Mikey O'Neill

Personal information
- Full name: Michael O'Neill
- Date of birth: 8 June 2004 (age 21)
- Place of birth: Southport, Merseyside, England
- Position: Midfielder

Team information
- Current team: Ashton United F.C.

Youth career
- 2012–2022: Preston North End

Senior career*
- Years: Team / Apps / (Gls)
- 2022–2024: Preston North End / 6 / (0)
- 2023: → Grimsby Town (loan) / 11 / (0)
- 2023: → Southport (loan) / 11 / (2)
- 2024: Burnley / 0 / (0)
- 2024–: Warrington Town / 35 / (5)

= Mikey O'Neill (footballer) =

English association footballer

Michael O'Neill (born 8 June 2004) is an English professional footballer who plays as a midfielder for Northern Premier League Premier club Ashton United FC

==Career==
===Preston North End===
O'Neill is a youth product of Preston North End, and signed his first scholarship agreement with the club on 9 July 2020 and was awarded Scholar of the Year in 2022 as well as being included in the EFL 'The 11 '. He made his professional debut with Preston North End in a 2–1 EFL Championship win over Queens Park Rangers on 9 April 2022, coming on as a late sub in the 90th minute. One month later, on 10 May, O'Neill signed his first professional contract. Following several appearances from the bench he made his full debut on 7 January 2023 starting and assisting a goal in a 3–1 victory against Huddersfield in the F.A. Cup at Deepdale.

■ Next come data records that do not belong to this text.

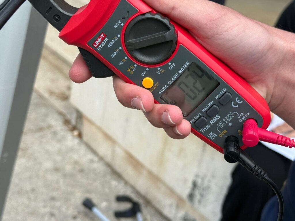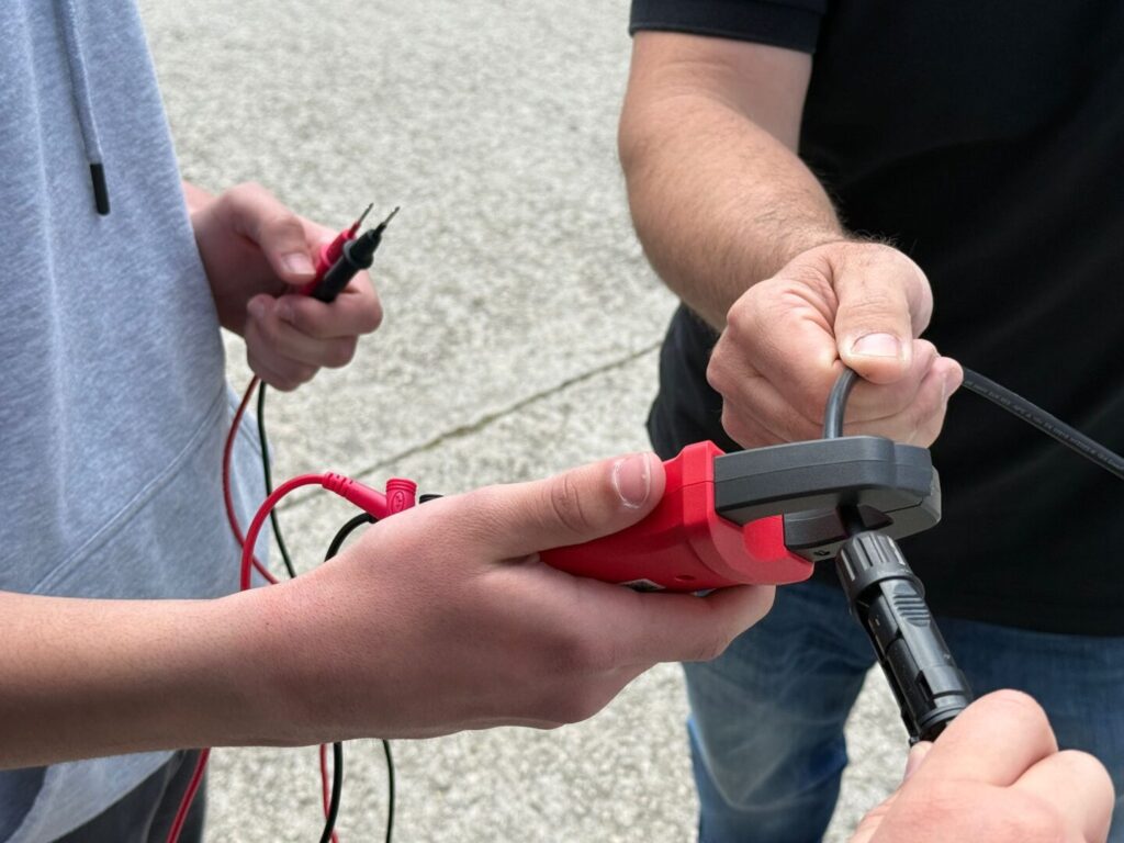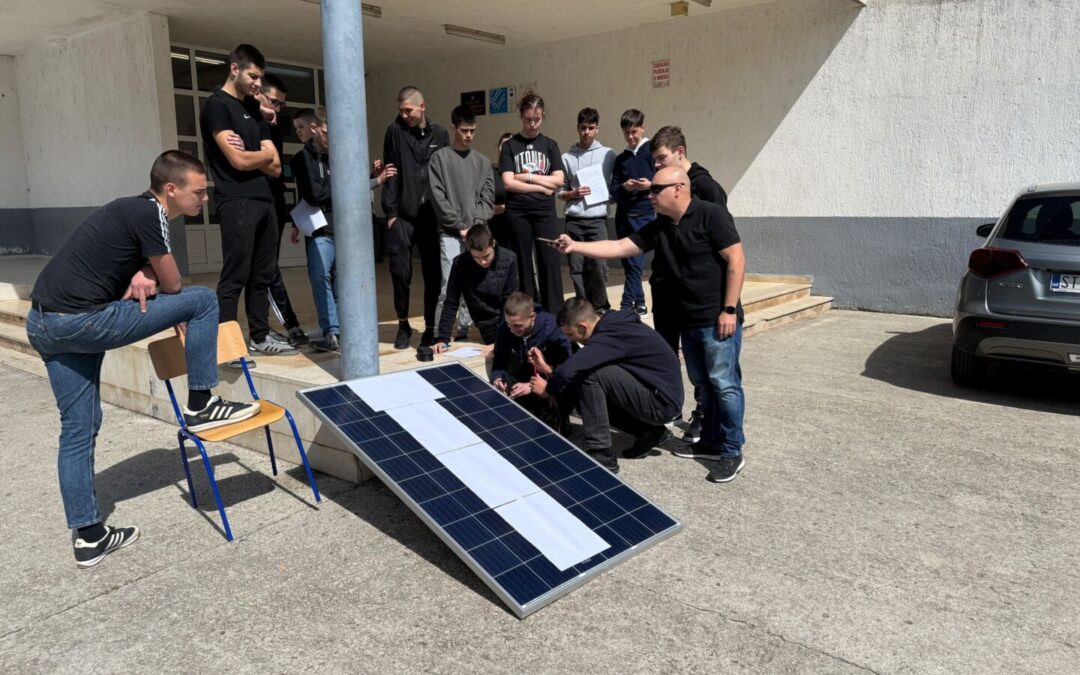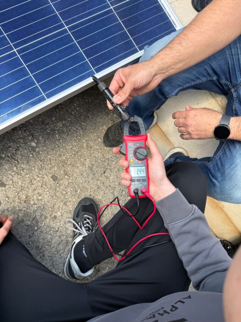 Nakon teorijskog uvoda uslijedila je praktična demonstracija. Učenici su zajedno s voditeljima postavili mali demonstracijski solarni panel i pomoću mjernog instrumenta, voltmetra odnosno multimetra, mjerili napon koji panel proizvodi. Tijekom aktivnosti mijenjali su kut nagiba i orijentaciju panela prema Suncu te promatrali kako se promjene položaja odražavaju na proizvedeni napon.
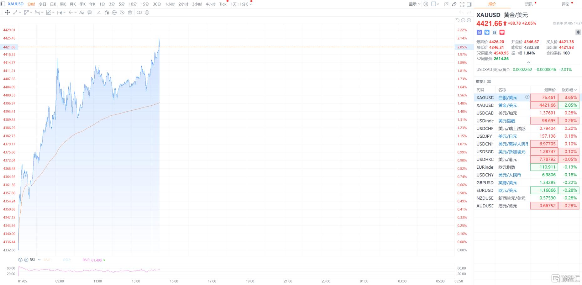 现货黄金现涨约2%报4421美元/盎司,白银价格则暴涨近4%至75.57美元/盎司,铂金和钯金价格也均出现上调。
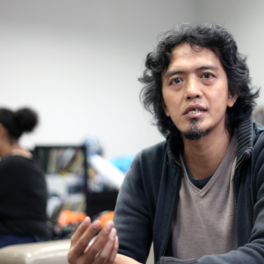Saat berkunjung, di kantornya banyak berkumpul para penggiat seni dibidang komik yang sedang berdiskusi dan membicarakan berbagai kegiatan yang sedang mereka rancang. Di rak buku terdapat pustaka yang tentu saja berkaitan dengan seni dan komik dan saya melihat beberapa komik legenda karya RA Kosasih dan Ganes TH yang sudah dipercantik kembali.
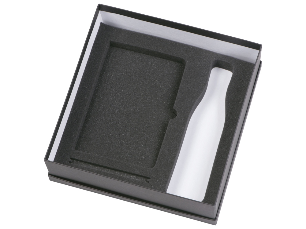 блокнот - искусственная кожа с покрытием soft-touch, ручка - алюминий с покрытием soft-touch, термобутылка - нержавеющая cталь с покрытием soft-touch, коробка - картон
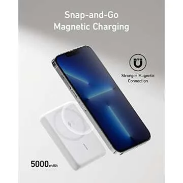 Show moreIntroducing the Anker 521 Magnetic Battery (PowerCore Magnetic 5K) — the epitome of portable charging convenience. Designed specifically for Apple’s iPhone 12 and 13 series, this sleek battery packs a powerful punch with its 5000 mAh capacity, ensuring that your device stays powered throughout the day. With its innovative magnetic alignment, it attaches seamlessly to your iPhone, providing charging without the hassle of cables. Crafted in a sophisticated white finish, it not only complements your iPhone's aesthetics but also serves as a stylish accessory for your tech arsenal.
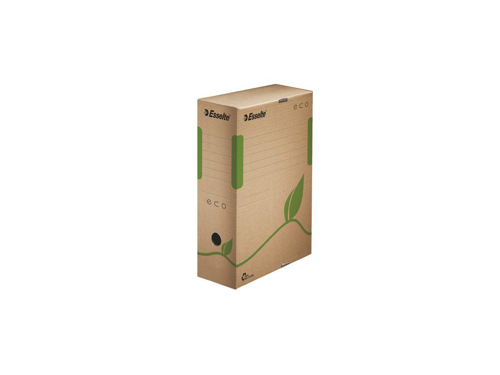 Archivní boc ECO. Produkty "Eco" nabízejí ekonomické a ekologické řešení v jednom 100% recyklovaný (85% z komunálního odpadu) a 100% recyklovatelný karton v hnědé barvě. Rozměry: 100x327x233 mm.Doplňkové parametry
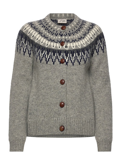 See kootud kardigan on valmistatud 100% villast ja sellel on võluv rahvapärane muster ümber ikke. Sellel on pikad varrukad, sirge, veidi lühike ja lõdvalt langev lõige ning eest kinnitatakse see suurte puiduimitatsiooniga nööpidega.
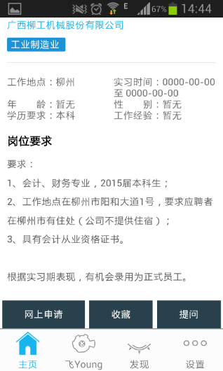 步骤三:页面的下方有三个选项,点击“网上申请”可直接申请该职位;点击“收藏,将心仪的职位放入收藏夹;若对岗位有任何疑问,可点击“提问”进入提问界面。

On 14 January 2023, O'Neill joined EFL League Two side Grimsby Town on loan for the remainder of the 2022–23 season.

On 5 September 2023, O'Neill joined National League North side Southport. on loan until 6 January 2024.

===Burnley===
On 31 January 2024 O'Neill joined Premier League side Burnley for an undisclosed fee.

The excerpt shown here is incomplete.